United States v. James L. McFillin

713 F.2d 57, 70 A.L.R. Fed. 899, 1981 U.S. App. LEXIS 18568
CourtCourt of Appeals for the Fourth Circuit
DecidedAugust 12, 1981
Docket80-5063
StatusPublished
Cited by6 cases

This text of 713 F.2d 57 (United States v. James L. McFillin) is published on Counsel Stack Legal Research, covering Court of Appeals for the Fourth Circuit primary law. Counsel Stack provides free access to over 12 million legal documents including statutes, case law, regulations, and constitutions.

Bluebook
United States v. James L. McFillin, 713 F.2d 57, 70 A.L.R. Fed. 899, 1981 U.S. App. LEXIS 18568 (4th Cir. 1981).

Opinion

RICHARD L. WILLIAMS, District Judge.

The appellant, James L. McFillin, was convicted on December 19, 1980 of three violations of 18 U.S.C. § 844(i) arising out of the death on May 10, 1979 of Nathan A. Allen, Sr., the wounding of a passenger in Allen’s truck, and the destruction of the vehicle by use of explosives. From this conviction he appeals, arguing that the district court erred in admitting evidence regarding miniscule particles, called taggants, which were placed in the explosive to permit tracing its ownership after detonation. Specifically, the appellant contends that placing taggants in the explosive violates his Fourth Amendment right to be free from unreasonable searches and seizures and his penumbral right of privacy.
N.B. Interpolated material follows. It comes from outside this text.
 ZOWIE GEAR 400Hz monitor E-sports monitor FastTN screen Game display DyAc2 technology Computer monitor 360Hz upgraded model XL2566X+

He also contends that the use of taggants is based on a novel scientific theory which is so unreliable that evidence derived from taggants should not be presented to the jury. We hold that the appellant lacks standing to assert his Fourth Amendment claim, that no privacy rights attach to commercial transactions such as the purchase of an explosive, that the taggant evidence was properly admitted, and we affirm the judgment of conviction.

I

On May 10, 1979 at around 10:00 p.m., Nathan Allen and a friend got into Allen’s truck to go home from work. As Allen turned on either the lights or the ignition, the truck exploded. Allen was killed and the friend was injured.

Allen and McFillin, the appellant, who are uncle and nephew, had been neighbors since 1978. McFillin believed his wife was in love with Allen. Somewhere around Easter, 1979, Mrs. McFillin told her husband that she would leave him as soon as school *59 was out. Two days before the murder, McFillin told a neighbor’s son that he would like to blow up Allen’s house.
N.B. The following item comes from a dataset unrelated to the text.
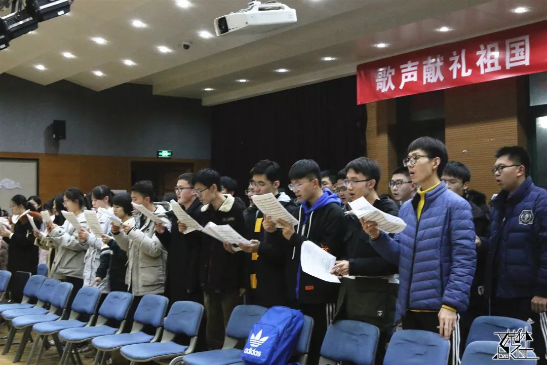 的准备曲目《红旗飘飘》。随着悠扬的歌声回荡在大厅之间,五星红旗飘舞的英姿仿佛浮现在每个人心尖。“红旗飘呀飘,腾空的志愿像白云越飞越高”,在深情激昂的旋律中,声浪仿佛碰到群山,群山发出回响;声浪仿佛越过江河,江河演出伴奏。几翻回荡往复,一直辐散到遥远的地方,为祖国骄傲的豪情无声地弥漫开来。一曲终了,歌声绕梁,老师和到场的学生代表们都纷纷表示赞许与欣赏。

On May 10, 1979, Allen was working the 3:00 to 11:00 p.m. shift. That morning he had an argument with Mr. and Mrs. McFillin. Also on that day, McFillin left his house in the late afternoon for at least one-half hour. This period of time would have been sufficient to attach or activate a bomb.

When McFillin returned home on May 10, he called his brother Bob and insisted that the two of them leave immediately to visit property owned by McFillin in West Virginia.
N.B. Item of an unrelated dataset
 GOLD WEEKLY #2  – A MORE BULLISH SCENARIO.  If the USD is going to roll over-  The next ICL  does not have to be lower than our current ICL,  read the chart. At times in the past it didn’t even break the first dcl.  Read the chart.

After the explosion, the Bureau of Alcohol, Tobacco and Firearms (ATF) examined the site. Pieces of black and white wiring as well as blue and yellow wiring were found. Later, during a search pursuant to a warrant, wires matching the black and the blue and yellow wires were found in the trunk of McFillin’s car. Also in the trunk was a notebook in McFillin’s handwriting containing dates and shifts which Allen had worked on those dates.

During 1978 and 1979, ATF was engaged in a pilot program to test the safety and effectiveness of taggants. Taggants are plastic, microscopic, color-coded chips which can be imbedded in explosives at the time of manufacture and which can be identified after detonation. The color code keys in with records maintained by ATF and allows the tracing of the explosive to its manufacturer and purchasers.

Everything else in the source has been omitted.